String Quartet Describing the Notions of Large Real Bodies / How Can I Tell The Difference? -- two pieces from 1972-3 released on alga marghen a few years ago. String Quartet = one violin multitracked four times, played with the bow held down on bridge with as much pressure as possible and very long (5-10 minute) strokes. this sound fed through gates and doubled with short delays. Difference is two variations on the first piece, performed live in the tunnels on the coast of the Marin Headlands; subtle scrapes and drones join the violins, along with the echoey sounds of a motorcycle rider, far away in another part of the tunnels. A little patience goes a long way with this disc; it's maddening for five minutes, but fantastic after thirty. especially the last track; only one violin, in the tunnel, slowly overwhelmed by rumbling, scraping and eventually a timid electronic organ drone. Definitely the closest precursor to Automatic Writing.

(Jon L), Wednesday, 2 February 2005 07:59 (nineteen years ago) link

haha john I doubt ashley is as a good a dancer as astley :-)

I think I'll go with 'yello man...' and 'atlanta...' for now.

(I might do a similar thread on alvin lucier soon - I own 'I am sitting...' and that's it)

'People who lived through these performances have good reason to find 80's noise music boring, this is louder, better, fiercer, more insane in every way.'

it would be awesome to see this live or to see other performers tackle it bcz its an awesome piece of music.

thanks for everyone's comments.

Julio Desouza (jdesouza), Wednesday, 2 February 2005 08:25 (nineteen years ago) link

I saw Ashley's Celestial Excursions at the kitchen last summer and was basically in tears it was so beautiful. I think he's one of the most important composers of the 20th century.

http://www.lovely.com/events/events-celestial-berlin.html

wordyrappington (wordyrappington), Wednesday, 2 February 2005 16:36 (nineteen years ago) link

seven months pass...
Celestial Excursions is out

milton parker (Jon L), Wednesday, 7 September 2005 02:25 (eighteen years ago) link

one month passes...
did anyone get 'celestial excursions'?

(guess I should do an update: after reading what drew said all those months ago I did turn up the volume on 'automatic writing', it is the kind of piece that wd make me think it best to hear it quietly to fully absorb its creepy undercurrent but its a lovely surprise to find those basslines underneath) (got hold of 'your money my life' on the cheap but didn't really care for it at the time otherwise i wd've revived, but will pull it out again)

Julio Desouza (jdesouza), Friday, 4 November 2005 22:01 (eighteen years ago) link

I really like Ashley's entrance about 15 minutes in on Your Money My Life and the relentless, lilting, odd-metered rhythm is interesting, but it's not a piece I reach for very often.

Celestial Excursions is even further in the direction of Dust. Less surrealism, more direct sentimentality, the speakers all take turn telling narratives about the eccentric & elderly. I'm sure this is incredible live, on record I'm even more easily distracted from it than I was with Dust. I'm glad I have it but I'd certainly recommend Atalanta or Yellow Man With Heart With Wings for later Ashley well before this.

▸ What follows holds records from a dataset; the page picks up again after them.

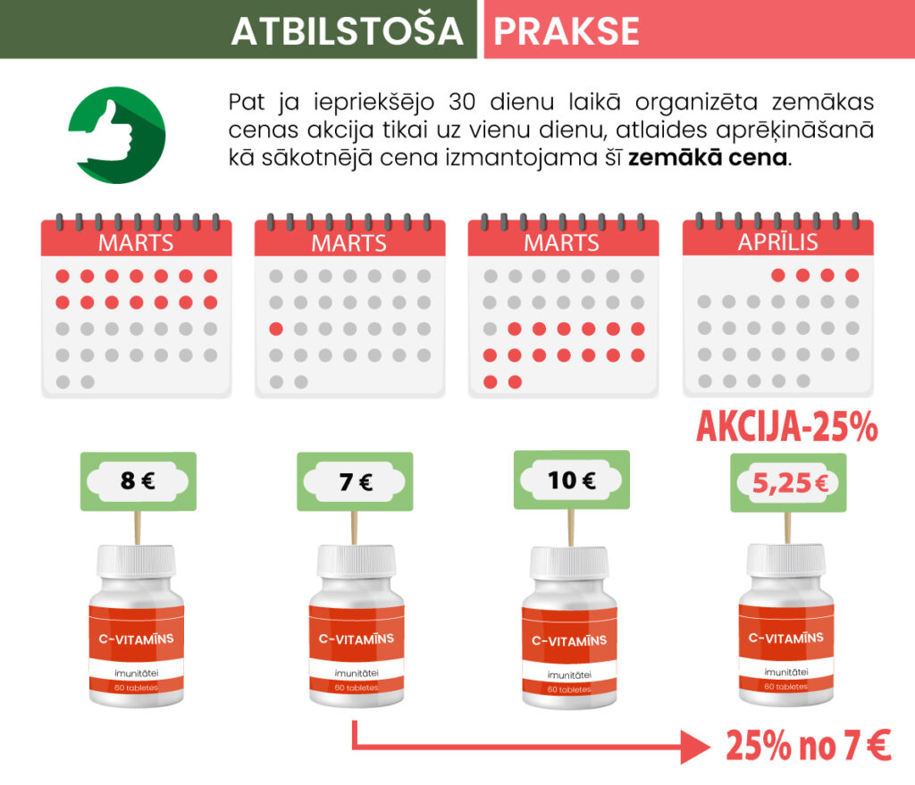 SVARĪGI: atlaide jāpiešķir no cenas, kas bijusi zemākā 30 dienu laikā!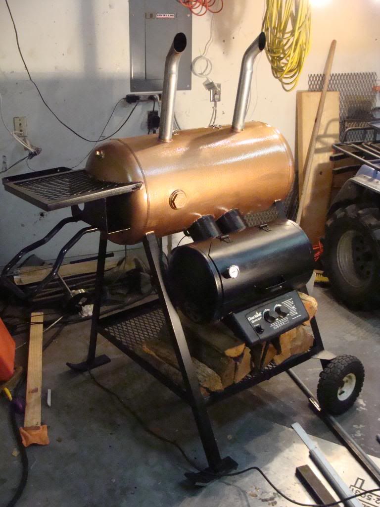 Hi, I am from southeast florida, I just finished building my first smoker. I had a friend of mine give me a 30gal compressor tank, then I added some 4-1/2 pipe, then the 11 gal air tank for the smoke box. I still need to finish painting it but it has has plenty of meat through it.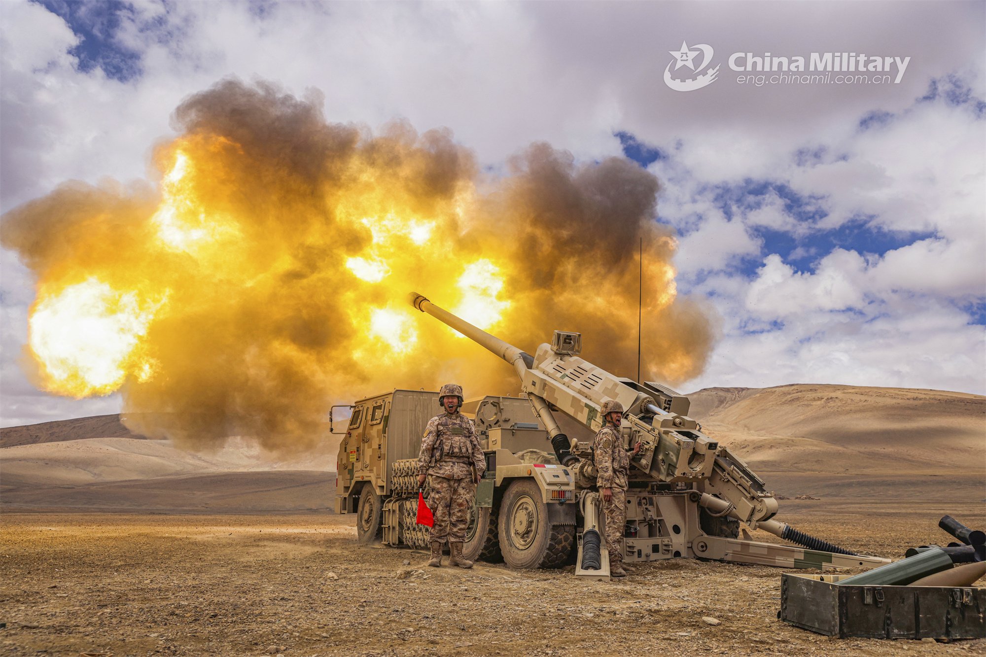 A self-propelled howitzer attached to an army regiment fires at simulated targets during a live-fire exercise on August 12, 2023. (eng.chinamil.com.cn/Photo by Li Longfei)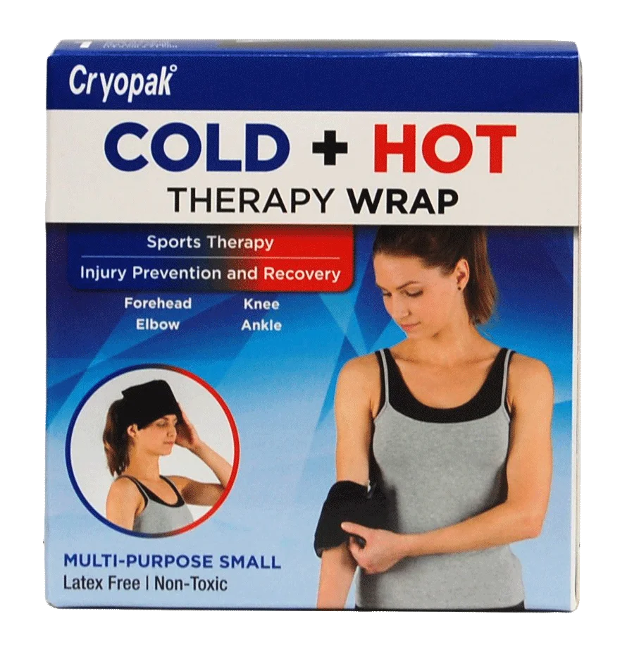 The Cryopak Cold + Hot Therapy Wrap Multi-Purpose Small is designed for sports therapy and injury prevention and recovery. This latex-free and non-toxic wrap provides targeted hot or cold therapy for the forehead, knee, ankle, and elbow. Perfect for both professional and home use, it offers reliable and reusable therapy to reduce pain, swelling, and stiffness.

And Lovely really needs to issue The Bar & Music Word Fire on a single CD, that's urgent.

milton parker (Jon L), Friday, 4 November 2005 22:44 (eighteen years ago) link

Just read Drew Daniel's comment above about the bass tones deep in the background of "Automatic Writing"; has anybody else picked up on the fact that it's the bassline from "Let's Get Together" by Al Green? After being pretty positive of that, I remember doing some Google-trawling for confirmation, and found an interview where Ashley admits that that's what was getting blasted on the stereo by a neighbor while recording the piece! Also, I second the mindblowingness of that "Music Word Fire" disco piece of his; Jill Kroesen's deadpan destroys.

C.D., Saturday, 5 November 2005 07:22 (eighteen years ago) link

I meant "Let's STAY Together."

C.D., Saturday, 5 November 2005 08:06 (eighteen years ago) link

crikey first its rallizes borrowing a bassline from little peggy march and now its ashley and al green. will check this.

thx to all again -- goes without saying these operas must be performed, hopefully one or two of these are on a small enough scale so that we don't have to rely on the traditional opera houses to take this on.

Julio Desouza (jdesouza), Saturday, 5 November 2005 10:29 (eighteen years ago) link

and this hasn't come up on this thread yet, but: http://www.ubu.com/sound/aether.html

the Lucier and Oliveros interviews are particualrly headsnapping if you're bandwidth-pinched, but these are best taken in sequence, there's a reason he calls the series an opera. I'm ordering the book from Lovely, I need the transcripts. I've watched each of them at least twice by now. If I'd seen them in time, I would have voted for these in the ILE 'favorite films of the 70's' poll.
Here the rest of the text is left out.